Madeleines – classic French treats
Making these French cookies, traditionally shaped like shells, is quite straightforward. You’ll need simple ingredients like eggs, flour, butter, and sugar. Madeleines are a great choice if you enjoy experimenting in the kitchen. You can easily create your own unique versions by adding natural extracts, spices, freeze-dried fruit, nuts, and more. You can also top the already baked cookies with chocolate or icing for extra flair.
These tender, buttery cookies with a hint of spice and white chocolate are certainly worth trying. Just keep in mind that they are a bit calorie-heavy, so I recommend reserving them for special occasions, once in a while.
Madeleines – handy tips
- Chill the prepared madeleine dough in the refrigerator for a minimum of 1 hour.
- Fill the mold cavities to about ¾ of their capacity.

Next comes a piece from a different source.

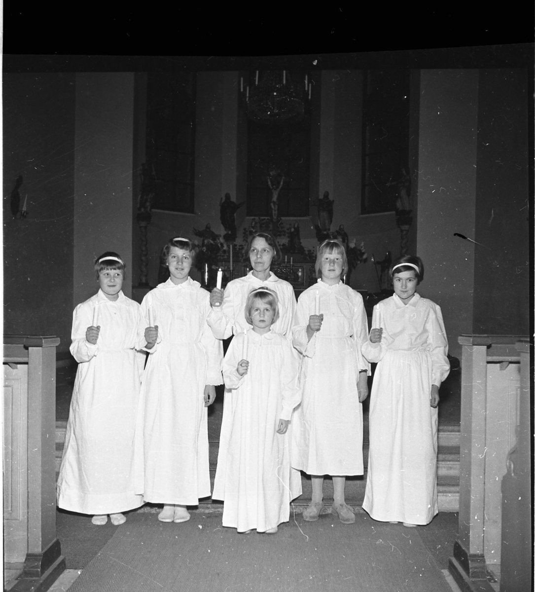 En luciakör står framför ett altare. De bär vita skrudar och håller i varsitt levande ljus.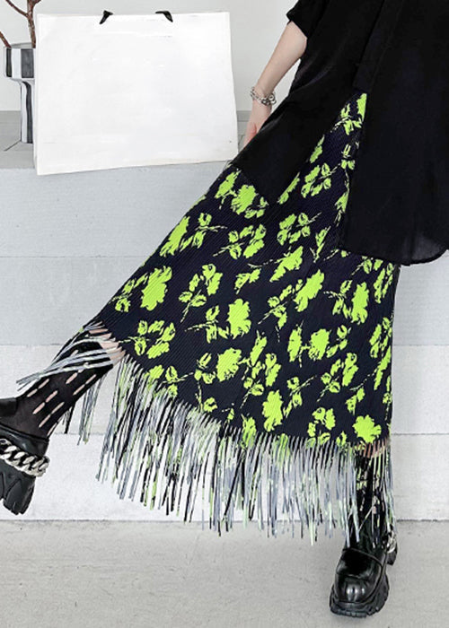Stilvolle grün bedruckte Patchwork-Maxiröcke aus Baumwolle mit Quasten für den Sommer LY9548

- Bake the cookies for approximately 10-12 minutes or until they turn a light golden brown.
- Use a mortar to finely crush spiced cookies, for white chocolate cover.
- When making madeleines, a silicone mold is your best choice.
Winter madeleines – with white chocolate
Ingredients
Magdalenki
- 115 g butter
- 115 g flour
- 100 g sugar
- 2 large eggs
- 1 tsp gingerbread spices
- ½ tsp baking powder
- ½ tsp vanilla extract
- salt to taste
Chocolate coating
- 2 white chocolate bars
- 2-3 gingerbread cookies
Instructions
- Gently heat the butter in a small saucepan until it’s melted but not hot.
- In a bowl, whisk together eggs, sugar, vanilla extract, and spices.
- Gradually add the flour mixed with baking powder to achieve a consistent mixture.
- Finally, incorporate the melted butter and stir until you have a smooth dough. Refrigerate the dough for at least an hour.
- Preheat the oven to 180°C.
- Once the dough has rested, fill the mould cavities up to about ¾ full (the cookies will expand as they bake).
- Bake the madeleines for approximately 10-12 minutes or until they turn lightly golden.
- If you wish to decorate the madeleines with white chocolate, follow these instructions.
- Melt the white chocolate gently in a small saucepan over low heat, then add finely crushed gingerbread cookies (about 2-3) and stir well. You can use a mortar for thorough cookie crushing.
- Thoroughly wash and dry the madeleine form. Pour a small amount of the melted chocolate with crushed cookies into each cavity (about 1 teaspoon), place the baked madeleine on top, and press gently. Repeat this step for each cookie.
- Once all the mould cavities are filled, place the whole pan in the freezer for a few minutes until the chocolate hardens. Then carefully remove the cookies from the mould. They’re now ready to enjoy!